Although the materials and construction shown here are aimed towards a .40 size model, they can easily be scaled to any RC model. A little ingenuity goes a long way in adapting this design, so feel free to experiment along the way.
Construction begins with proper selection of building materials. For a typical .40 size model, all the materials can be readily found off-the-shelf in local hardware and hobby stores. For example, the leaf springs can be made from a single tang of a leaf rake. This material is stiff enough to make a good spring yet soft enough to be drilled. The eyelets and washers can come from excess servo parts. The aluminum, brass, and wire may be purchased from a hobby or hardware store, but more often can be scavenged from materials left over from other building projects. The tiller springs can be made from old ball point pens. The descriptive illustration shown comes from Howard Sullivan and is briefly summarized in the following paragraph:
The tailwheel caster assembly is bent to shape based on the size of the tailweel being used. In this case, 3/32" (2.4 mm) music wire is used with a 1" (2.5 cm) tailwheel. The wire is bent to clear the tailwheel with a minimum of clearance. It is affixed to the leaf springs by eyelets and washers, the latter of which are soldered in place. The upper stem of the caster may be oversized initially and then cut off after final soldering.
The length of the main (longest) leaf spring must be determined first. A cardboard template can be cut 1/4'' x 6'' (6 mm x 15 cm) and held in place to determine the location of the tailwheel.
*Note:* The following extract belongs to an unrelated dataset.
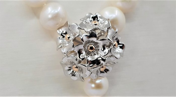 Individueel geknoopt tussen elke parel voor de veiligheid, de ketting is afgewerkt met een elegante bloemsluiting in massief zilver.

The main spring is cut with about 1/2'' (13 mm) extra which will be removed after final adjustments are made. The curve can be bent into the main spring with the end bent so that it is approximately parallel with the ground when installed. The other springs are cut progressively shorter, and their lengths are not critical.
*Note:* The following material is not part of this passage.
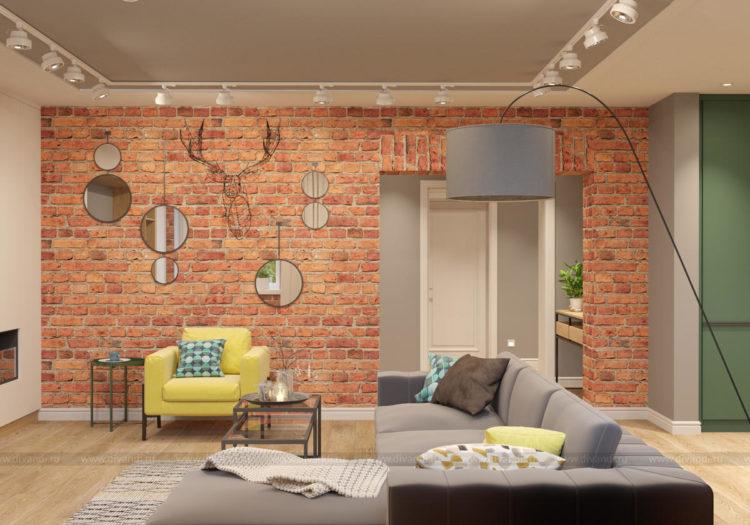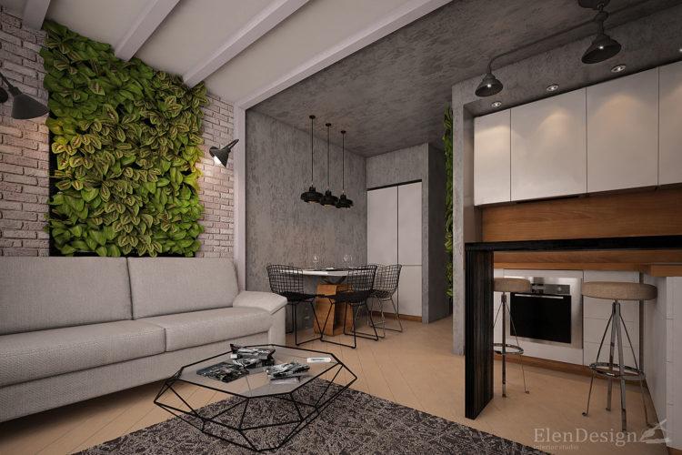 Para el apartamento en el estilo loft no se veía tan gris y sombrío, se permiten ligeros acentos brillantes. A continuación puede ver el diseño de estilo loft con elementos decorativos verdes.

After all of the springs are bent to mating contours, they are clamped together and two (2) 1/16'' (1.5 mm) pilot holes are drilled for mounting holes. The springs can be separated and each hole drilled out with a 3/32'' (2.4 mm) drill. The holes should be slightly larger than the screws that are to be used for mounting. A 3/32'' hole (2.4 mm) hole is drilled in the main spring for the caster assembly.
The tailwheel should be assembled to the model and test fitted before the final assembly. The caster assembly is placed through the hole in the main spring. A washer is placed on the stem of the caster onto the top of the main spring, then an eyelet then the tiller. The caster can be turned upside down with the stem in a vise and the tiller on the top of the vise. Finally, the tiller, the eyelet, and the washer are soldered by allowing the solder to wick between the parts. When this is complete, the assembly may be painted to match the model.
The tiller springs can be stretched to achieve the right amount of tension. The tailwheel is installed on the caster and a pushnut is pressed on. The excess length of the axle and the stem can be trimmed off. The flat of the main spring should be bent so that it is parallel with the ground and the excess trimmed off.
This tailwheel assembly looks good and it is functional. The weight that is added by these modifications is surprisingly low. One can even save some weight by making one's own tailwheels, using liteply for the wheel center, and a thin layer of rubber scavenged from old RC wheels or even old bicycle tires. A 3/4'' tailwheel made in this fashion weighs only a few grams, or a fraction of an ounce. The assembly is functionally far superior to plastic tail wheel assemblies and will outlast almost anything that is commercially available. Try it!